Folgen des Schreiens
Eltern leiden unter den Schreiattacken ihrer Babys psychisch: Viele entwickeln Selbstzweifel, Schuldgefühle oder Versagensängste. Lärm, Stress und Schlafmangel können außerdem zu körperlichen Beschwerden führen, wie Kopf- oder Rückenschmerzen. Im schlimmsten Fall werden Eltern aggressiv: Jährlich sterben etwa 200 Babys durch Schütteltraumata. Noch mehr erleiden durch Schütteln lebenslange Schäden und Behinderungen (Shaken Baby-Syndrom).
Generell gilt: Reagieren Eltern mit innerer oder äußerer Unruhe, wirkt sich dies häufig negativ und verstärkend auf das Schreiverhalten des Babys aus. So entsteht ein Teufelskreis.

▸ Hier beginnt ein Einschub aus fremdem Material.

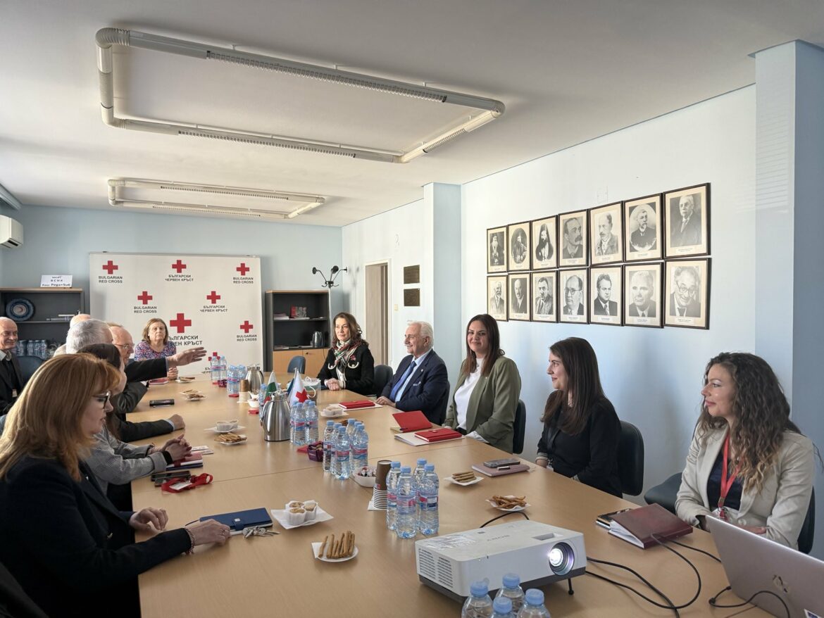 Με ιδιαίτερη επιτυχία και σε απόλυτα θερμό κλίμα ολοκληρώθηκε η επίσημη επίσκεψη του Προέδρου του Ελληνικού Ερυθρού Σταυρού Dr. Αντώνιου Αυγερινού, συνοδευόμενος από την Head of International Relations and Partnerships, κα Θάλεια Φωναζάκη, στα Κεντρικά Γραφεία του Βουλγαρικού Ερυθρού Σταυρού, στην Σόφια, όπου έτυχε θερμότατης υποδοχής από τον Πρόεδρο του Βουλγαρικού Ερυθρού Σταυρού, Dr. h. c. Acad. Hristo Grigorov, τον Γενικό Διευθυντή Prof. Dr. Krasimir Gigov και την Διευθύντρια Διεθνών Σχέσεων, Preslava Lilova, παρουσία του Έλληνα Πρέσβη στην Βουλγαρία, κ. Αλέξιου Μάριου Λυμπεροπούλου.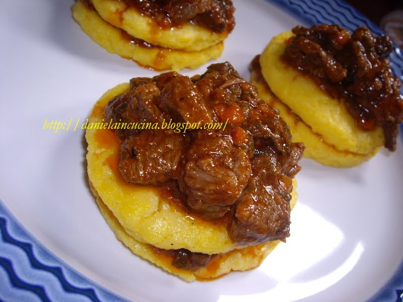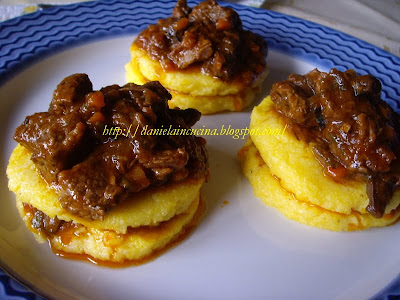 le-am asezat pe platou, am pus un pic de sos de la carnita, apoi inca un cerc de mamaliguta si am acoperit cu sosul cu tot cu carne.
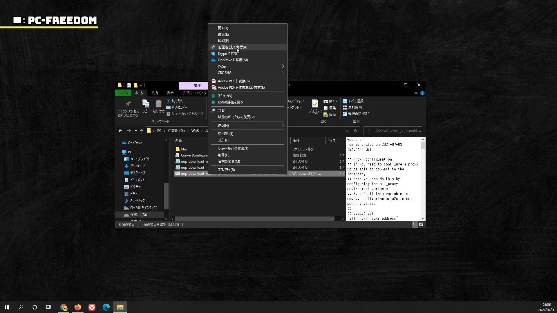 ダウンロードした CMD ファイルを実行するには、右クリックメニューから「管理者として実行」を選択します。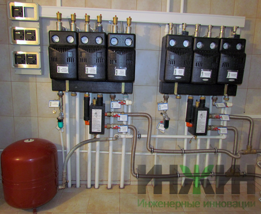 - Смонтировано шесть контуров котельной – отопление бассейна, теплоснабжение вентиляции и теплообменника бассейна, теплоснабжение строений гаража и барбекю, теплый пол, бойлер ГВС;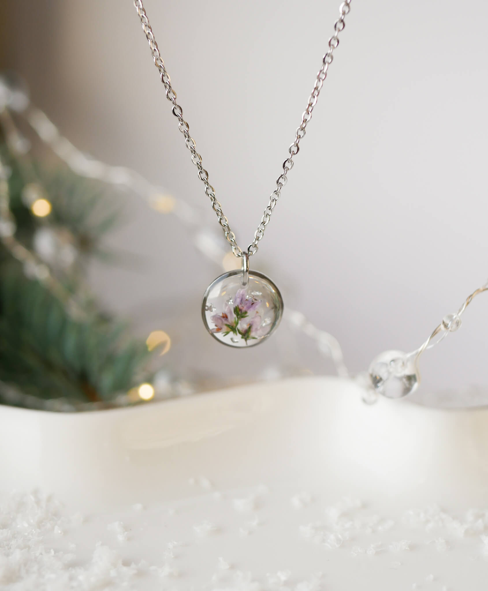 Naszyjnik w kształcie kropelki z wrzosem z drobinkami srebra na przezroczystym tle.

Ziele der Krisenbegleitung
Schreiambulanzen arbeiten mit verschiedenen Methoden: Zum Beispiel ressourcen- und körperorientiert, oder entwicklungspsychologisch. Die Ziele der Krisenbegleiterinnen und -begleiter sind dabei ähnlich: Es geht darum, Ruhe ins System zu bringen, für Entspannung zu sorgen (zum Beispiel über bewusste Atmung und Körperwahrnehmung), Ressourcen zu aktivieren (Partner, Großeltern, Freunde), die Beziehungsfähigkeit der Eltern zu stärken, Tipps im Umgang mit dem Baby zu vermitteln und gegebenenfalls in einem interdisziplinären Ansatz weitere Stellen im Helfersystem zu vermitteln, wie zum Beispiel Psychologen oder Osteopathen.
Positive Aussichten
In der Regel lernen Babys, je älter sie werden, immer besser sich selbst zu beruhigen. Das Schreien lässt also mit der Zeit auch von alleine nach.